Each line of the records containing "Revival" is to be copied out and returned.
DATA PROVIDED section start
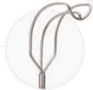
Atrial Rake Large
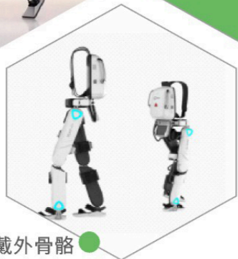
穿戴外骨骼 Wearable Exoskeleton
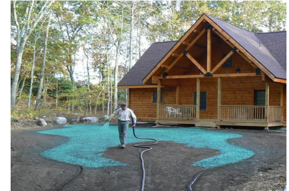
Residential • Commercial • Athletic Fields
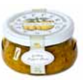
GOLDEN PEPPER PESTO 148 / 6 oz.
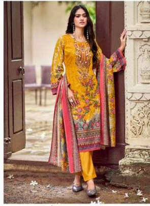
MUSAFIR | 19004 VOL-14
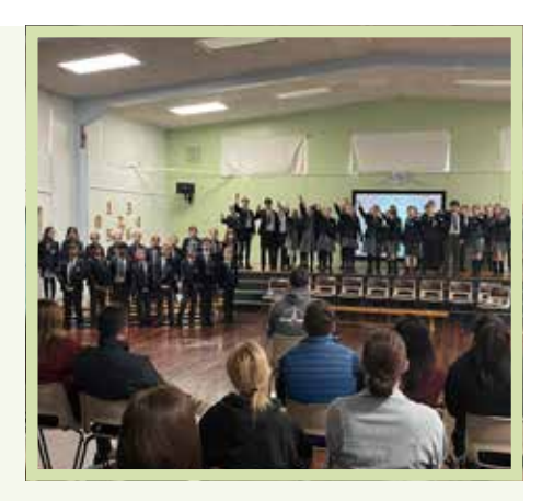
to fruition was an overwhelming joy, and I am unbelievably proud of every single one of them.
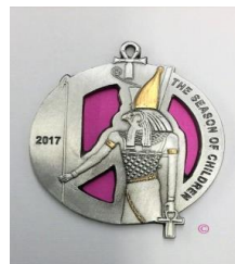
2017 – Horus 19 th in the series
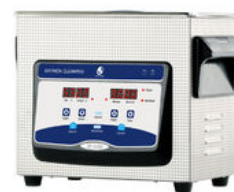
PRODUCT PHOTO 1 Angle of 45-degrees display Circuitry/Hardware parts/Circuit Board/Laboratory/Chemistry
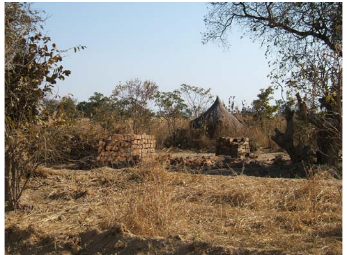
Village life in the bush.
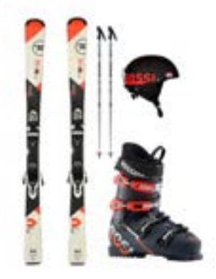
Alpine/Downhill Ski Package
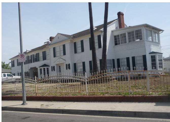
The Colonial Revival residence of Eddie “Rochester” Anderson in West Adams

1924 W. Rochester Circle , the grand Colonial Revival residence of Eddie “Rochester” Anderson, an African-American actor and comedian best known for his long-running role on radio and television in “The Jack Benny Show”. The house was designed by Paul R. Williams and constructed in 1941.
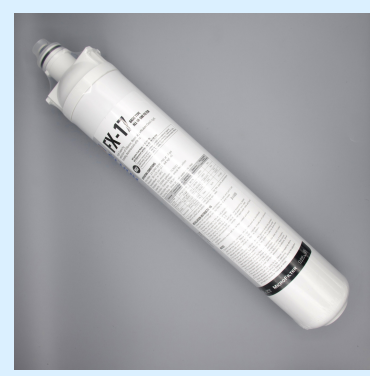
Water Filter Microplastics
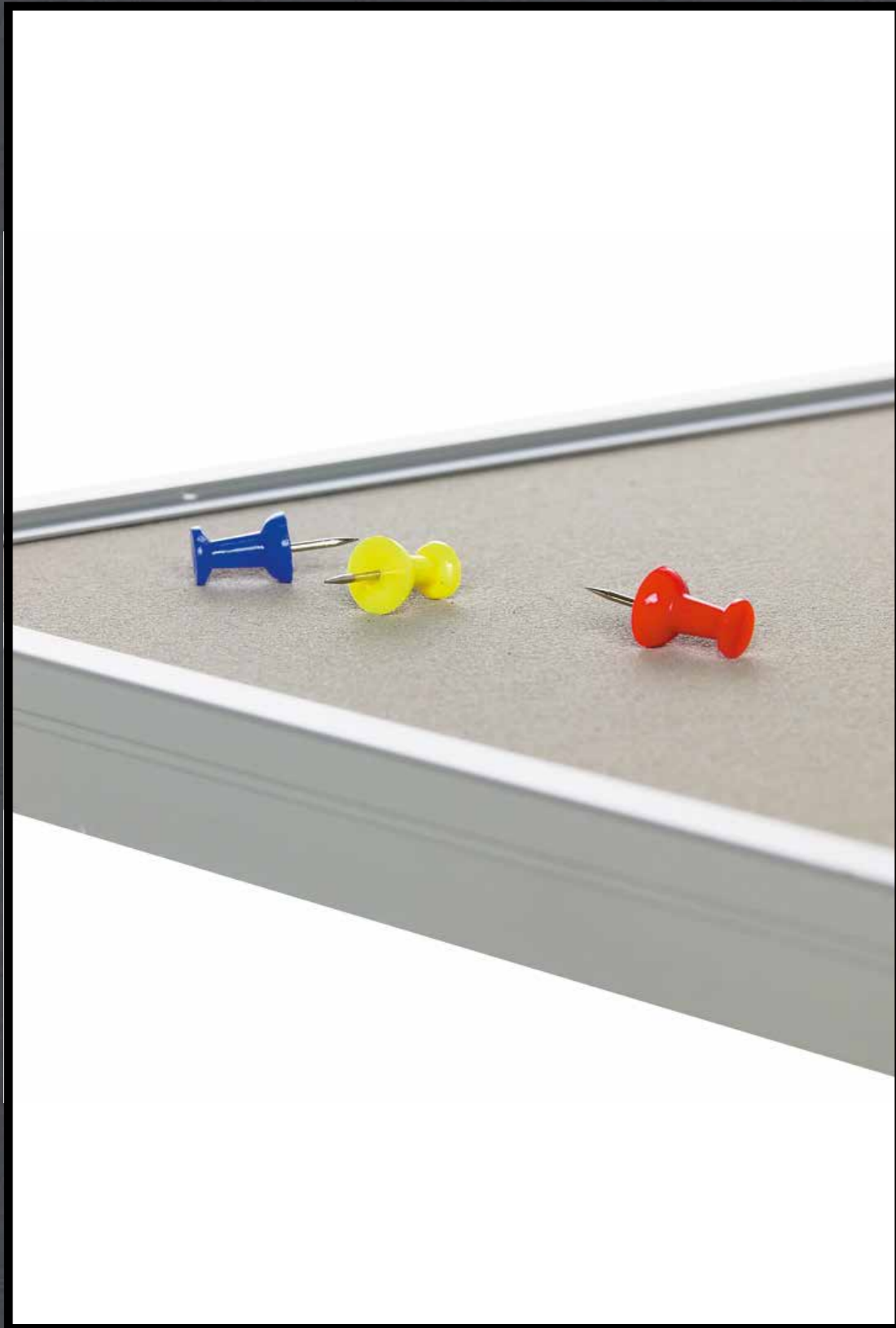
2187 | brown rice
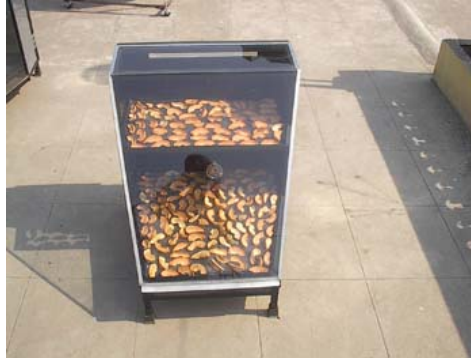
Solar Dryer (four-faced sun-tracking model), Dries 3.5 kgs
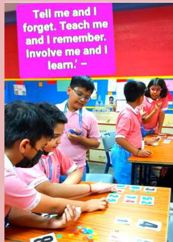
Making Decimal Numbers And Learning Place Value Using Number Cards And Abacus!
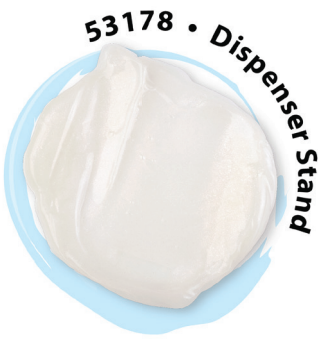
53178 • Dispenser Stand
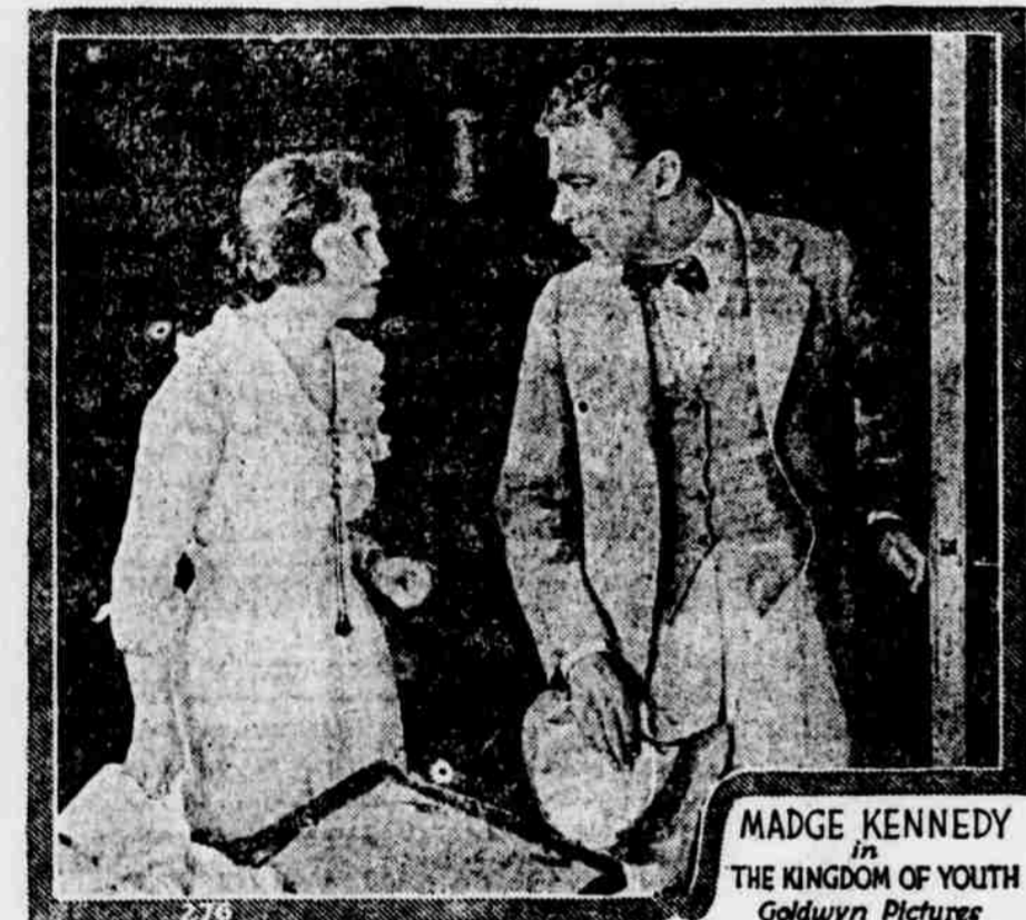
MADGE KENNEDY in THE KINGDOM OF YOUTH Goldwyn Pictures
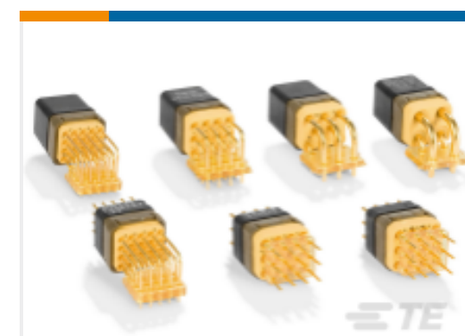
TE Part #ZPF00000000201420 732-8260-99
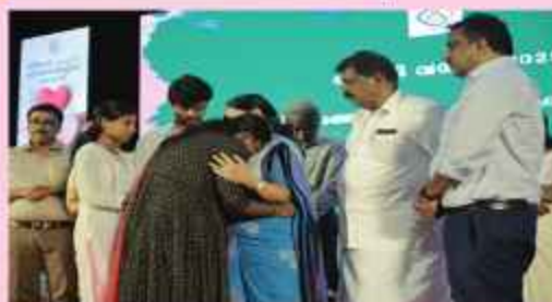
Donor Honouring Program
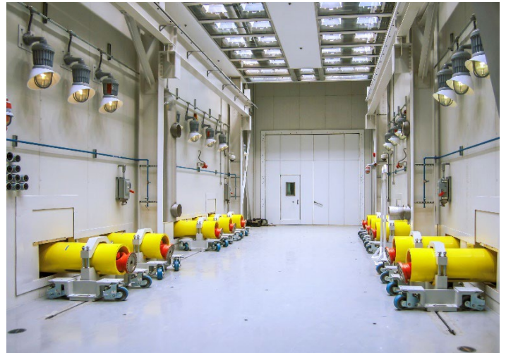
PEVEL - Test Cell Interior
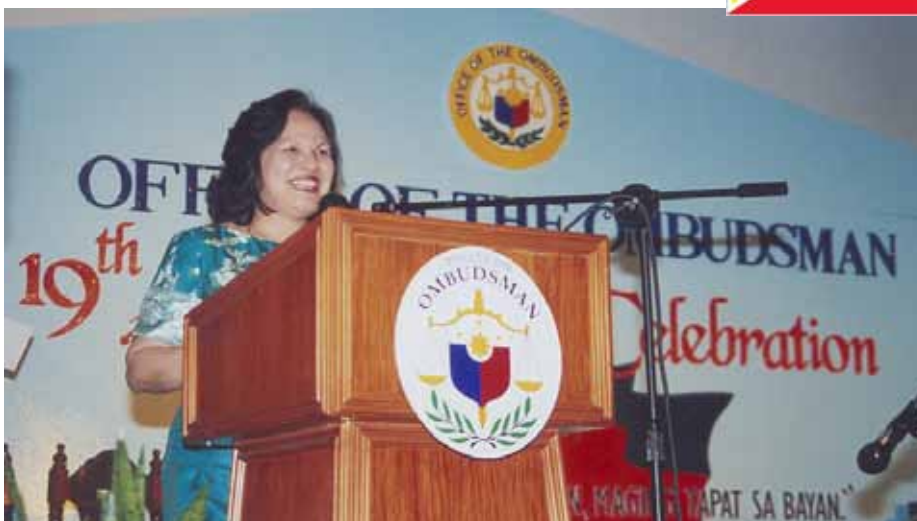
Ombudsman Ma. Mercedes N. Gutierrez reports on the achievements of the Office of the Ombudsman after her almost one and half years in office. The Office of the Ombudsman celebrated its 19th Anniversary Celebration last May 4 with the theme “Korupsyon ay Labanan, Maging Tapat sa Bayan.”

“People should not treat the work of the Ombudsman as that of politicians who are concerned with political timing, political cost and benefits. The only timing the Ombudsman is concerned with is ‘will the respondents’ continued presence in office jeopardize the investigation?’ If the answer is yes, then that is when the suspension must be ordered and implemented. When we ordered the suspension of two mayors in Southern Visayas several weeks ago, we did not hear of anyone saying the orders were ill-timed.”
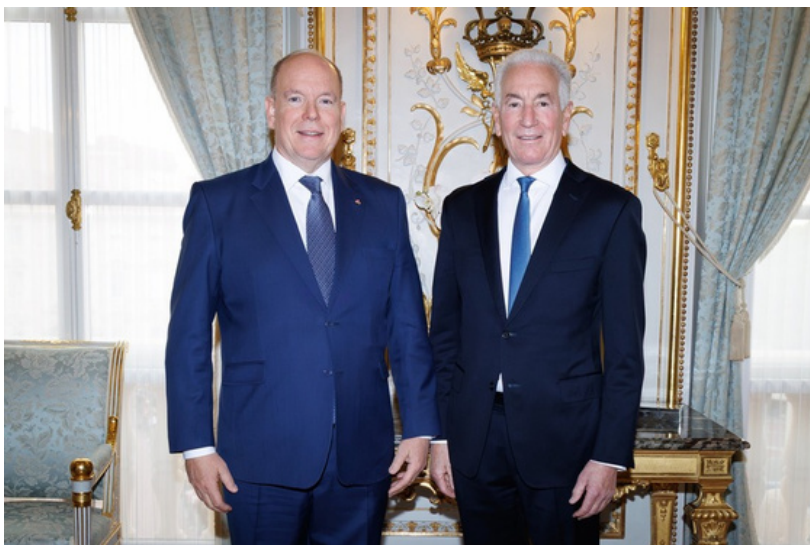
H.S.H. Prince Albert II & H.E. Charles Kushner

Ambassador Kushner brings a distinguished career in business, philanthropy, and public service.
DATA PROVIDED section end
◆ RESULT OF THE TASK
The Colonial Revival residence of Eddie “Rochester” Anderson in West Adams
1924 W. Rochester Circle , the grand Colonial Revival residence of Eddie “Rochester” Anderson, an African-American actor and comedian best known for his long-running role on radio and television in “The Jack Benny Show”. The house was designed by Paul R. Williams and constructed in 1941.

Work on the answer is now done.